***** INPUT DATA *****
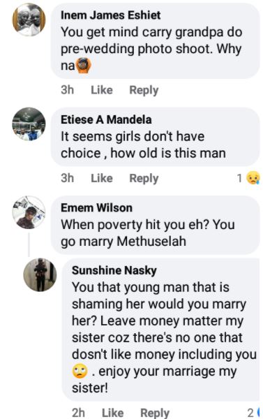 Nigerians have reacted over the prewedding photos of the young woman and her older lover who struck poses together in anticipation of their big day.
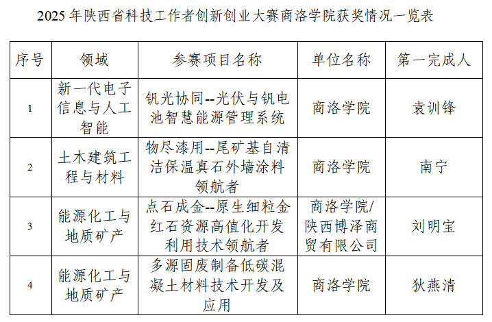 近日,由陜西省科學(xué)技術(shù)協(xié)會、陜西省科技廳、陜西省發(fā)展和改革委員會、陜西省教育廳等單位聯(lián)合主辦的2025年陜西省科技工作者創(chuàng)新創(chuàng)業(yè)大賽圓滿落幕,我校遴選推薦的參賽項目表現(xiàn)突出,共有4項科技成果榮獲大賽三等獎。
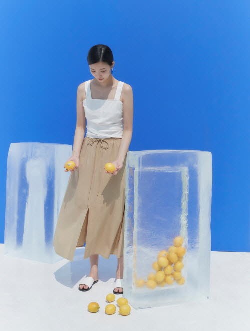 깨끗한 무드의 리넨 혼방 랩 원피스, 은은한 광택감이 고급스러운 소재를 적용한 비대칭 기장의 슬리브리스 블라우스/스커트 셋업, 캐주얼한 밴딩 와이드/쇼트 팬츠 등을 함께 선보였다.
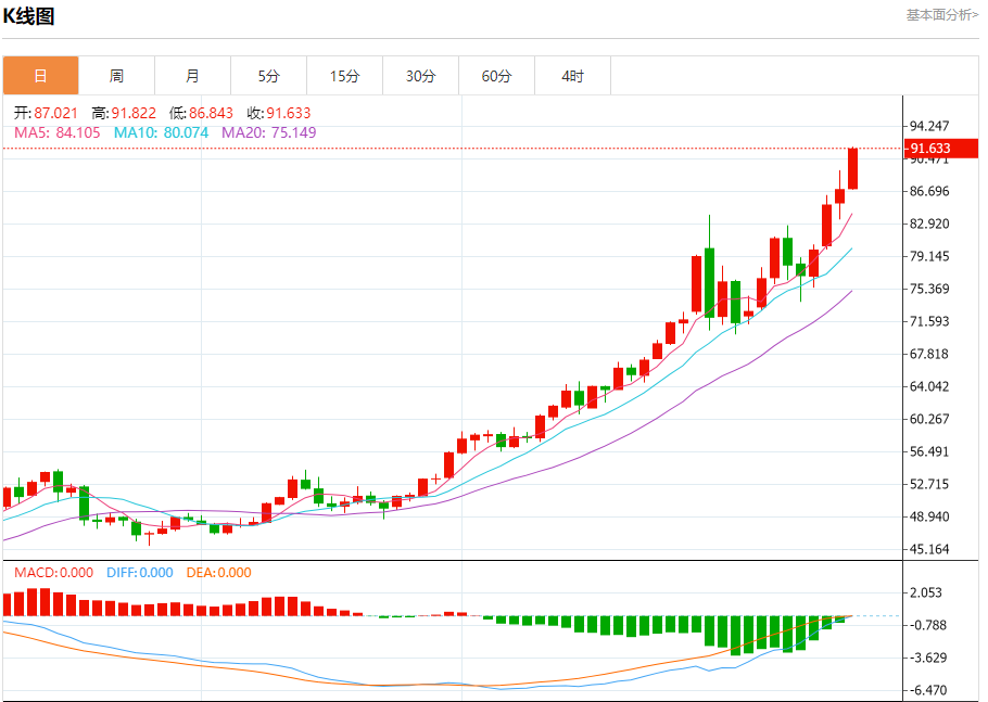 周三盘中,现货白银报91.695,涨幅5.50%。
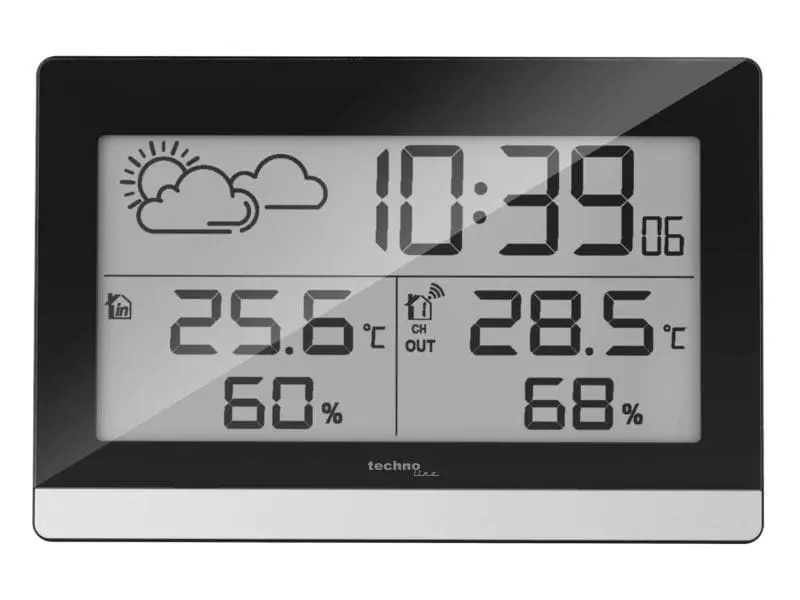 | Funktionen | Innentemperatur, Aussenluftfeuchtigkeit, Uhrzeitanzeige, Aktuelle Wetterlage, Display, Raumluftqualität, Aussentemperatur |
*****
■ WHAT YOU HAVE TO DO:
All entries, top to bottom, should be retyped exactly; the pictures should not be.

■ YOUR RESPONSE:
 Nigerians have reacted over the prewedding photos of the young woman and her older lover who struck poses together in anticipation of their big day.
 近日,由陜西省科學(xué)技術(shù)協(xié)會、陜西省科技廳、陜西省發(fā)展和改革委員會、陜西省教育廳等單位聯(lián)合主辦的2025年陜西省科技工作者創(chuàng)新創(chuàng)業(yè)大賽圓滿落幕,我校遴選推薦的參賽項目表現(xiàn)突出,共有4項科技成果榮獲大賽三等獎。
 깨끗한 무드의 리넨 혼방 랩 원피스, 은은한 광택감이 고급스러운 소재를 적용한 비대칭 기장의 슬리브리스 블라우스/스커트 셋업, 캐주얼한 밴딩 와이드/쇼트 팬츠 등을 함께 선보였다.
 周三盘中,现货白银报91.695,涨幅5.50%。
 | Funktionen | Innentemperatur, Aussenluftfeuchtigkeit, Uhrzeitanzeige, Aktuelle Wetterlage, Display, Raumluftqualität, Aussentemperatur |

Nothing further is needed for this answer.